● STORED DATA:
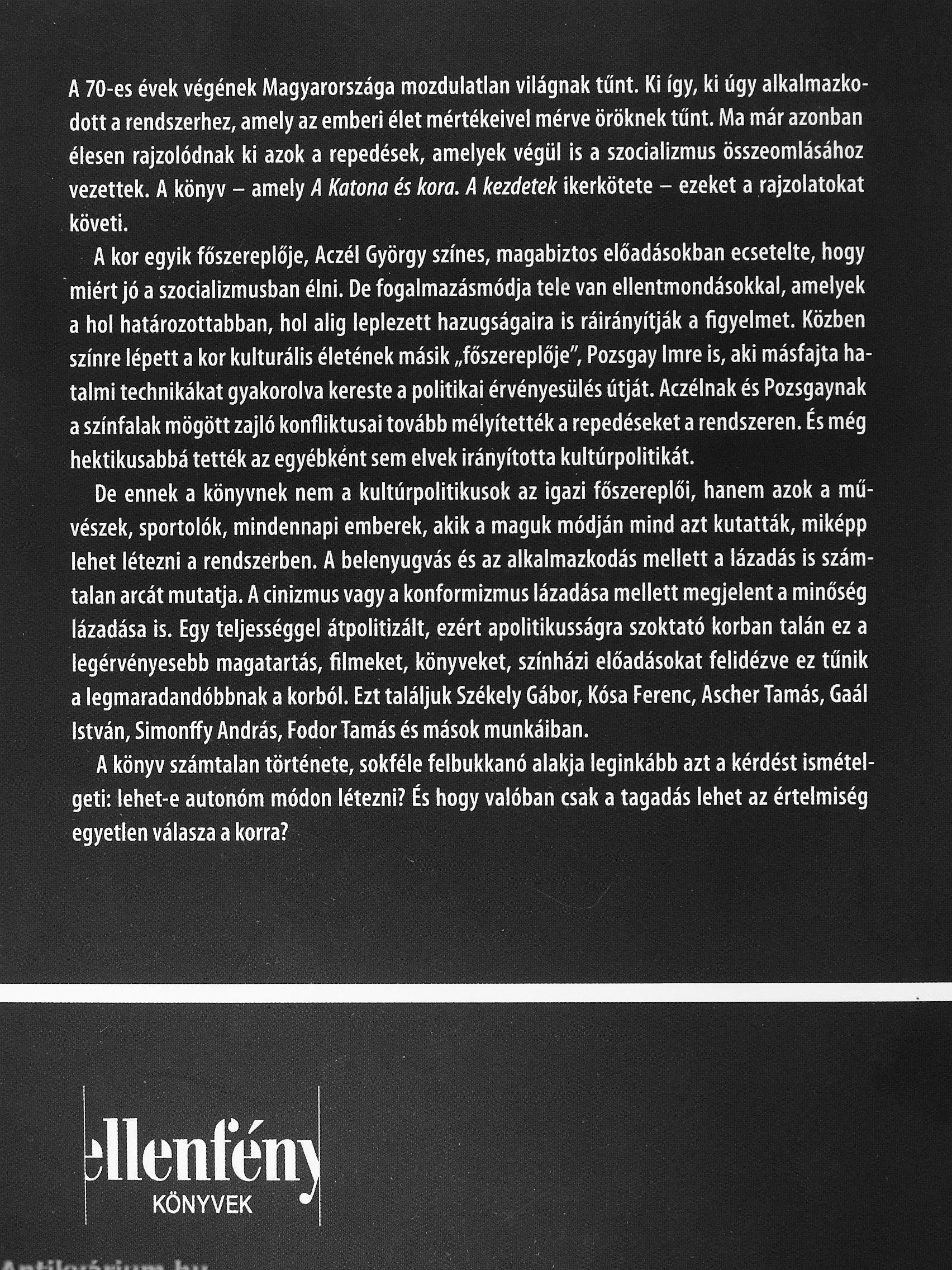 A 70-es évek végének Magyarországa mozdulatlan világnak tűnt. Ki így, ki úgy alkalmazkodott a rendszerhez, amely az emberi élet mértékeivel mérve öröknek tűnt. Ma már azonban élesen rajzolódnak ki azok a repedések, amelyek végül is a szocializmus összeomlásához vezettek. A könyv - amely k Katona és kora. A kezdetek ikerkötete - ezeket a rajzolatokat követi.
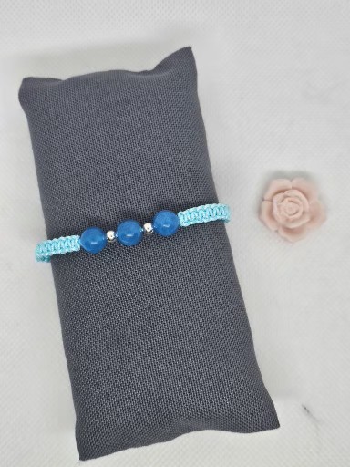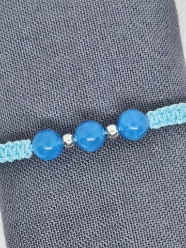 Macramé náramek z přírodního minerálu Křemen modrý a Láva . Korálky jsou velké 0,8 cm . Kovové korálky jsou stříbro AG925/1000 velikosti 0,4 cm .
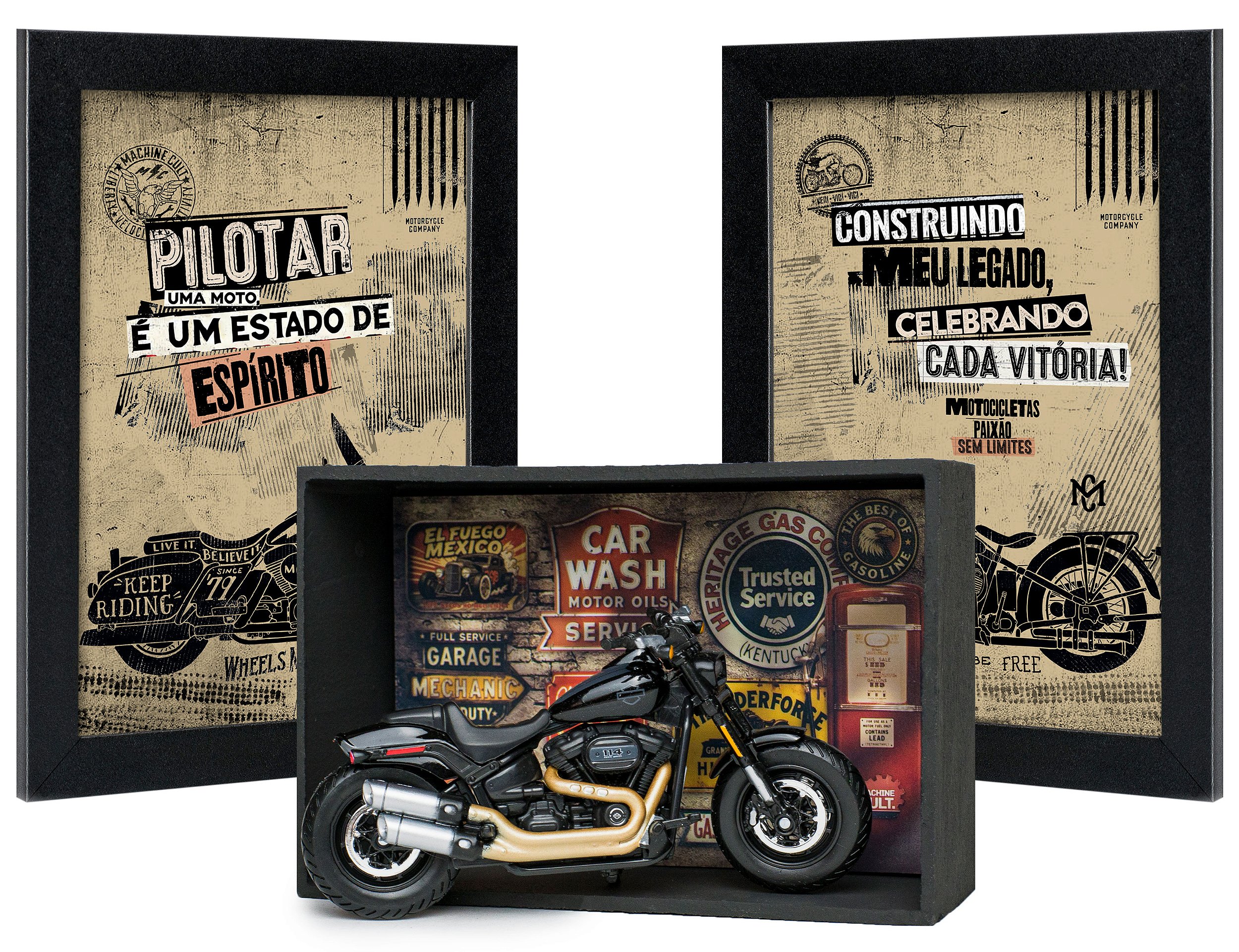 O Kit Miniatura Harley-Davidson 2022 Fat Bob 114 (cor preta) com expositor, cartão postal e quadros é uma excelente opção para presente de aniversário, dia dos namorados, dias dos pais, dia do amigo, amigo oculto e secreto, presente de natal e também para presentear-se. Ideal para apaixonados por Harley-Davidson! Ao comprar este kit você receberá os itens apresentados na foto (01 miniatura, 01 cartão postal, 01 expositor e 02 quadros). Detalhes da Miniatura Harley-Davidson 2022 Fat Bob 114 - Maisto: réplica em escala 1:18, marca Maisto, comprimento aproximado 13 cm, guidon ativo, suspensão traseira, pneus emborrachados, tanque em metal, partes em plástico, possui descanso para ficar em pé, miniatura oficial, produto novo e acompanha caixa. Detalhes do Expositor de Miniatura: altura 10cm, largura 15cm, profundidade da base 6 cm, feito em madeira e pintura preta fosca (acabamento rústico). Detalhes dos Quadros: 18x24cm, moldura em madeira, vidro, pendurador traseiro e imagem em impressão fotográfica. Marca: Machine Cult.
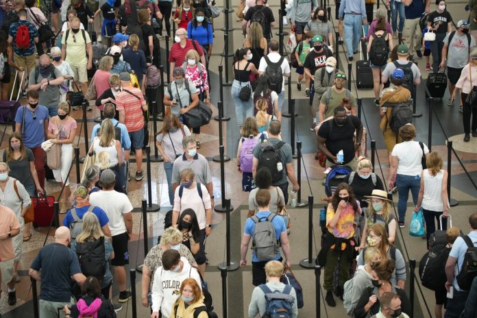Mesmo após pedidos de reciprocidade da UE, que autoriza a entrada de americanos vacinados, os EUA continuam a barrar viajantes oriundos do exterior. Fila de acesso à área de segurança do aeroporto internacional de Denver, nos EUA, em 16 de junho de 2021

● WHAT IS BEING ASKED:
Return an exact transcription of the material, with its pictures left out.

● ANSWER FOR THE TASK:
 A 70-es évek végének Magyarországa mozdulatlan világnak tűnt. Ki így, ki úgy alkalmazkodott a rendszerhez, amely az emberi élet mértékeivel mérve öröknek tűnt. Ma már azonban élesen rajzolódnak ki azok a repedések, amelyek végül is a szocializmus összeomlásához vezettek. A könyv - amely k Katona és kora. A kezdetek ikerkötete - ezeket a rajzolatokat követi.
 Macramé náramek z přírodního minerálu Křemen modrý a Láva . Korálky jsou velké 0,8 cm . Kovové korálky jsou stříbro AG925/1000 velikosti 0,4 cm .
 O Kit Miniatura Harley-Davidson 2022 Fat Bob 114 (cor preta) com expositor, cartão postal e quadros é uma excelente opção para presente de aniversário, dia dos namorados, dias dos pais, dia do amigo, amigo oculto e secreto, presente de natal e também para presentear-se. Ideal para apaixonados por Harley-Davidson! Ao comprar este kit você receberá os itens apresentados na foto (01 miniatura, 01 cartão postal, 01 expositor e 02 quadros). Detalhes da Miniatura Harley-Davidson 2022 Fat Bob 114 - Maisto: réplica em escala 1:18, marca Maisto, comprimento aproximado 13 cm, guidon ativo, suspensão traseira, pneus emborrachados, tanque em metal, partes em plástico, possui descanso para ficar em pé, miniatura oficial, produto novo e acompanha caixa. Detalhes do Expositor de Miniatura: altura 10cm, largura 15cm, profundidade da base 6 cm, feito em madeira e pintura preta fosca (acabamento rústico). Detalhes dos Quadros: 18x24cm, moldura em madeira, vidro, pendurador traseiro e imagem em impressão fotográfica. Marca: Machine Cult.
Mesmo após pedidos de reciprocidade da UE, que autoriza a entrada de americanos vacinados, os EUA continuam a barrar viajantes oriundos do exterior. Fila de acesso à área de segurança do aeroporto internacional de Denver, nos EUA, em 16 de junho de 2021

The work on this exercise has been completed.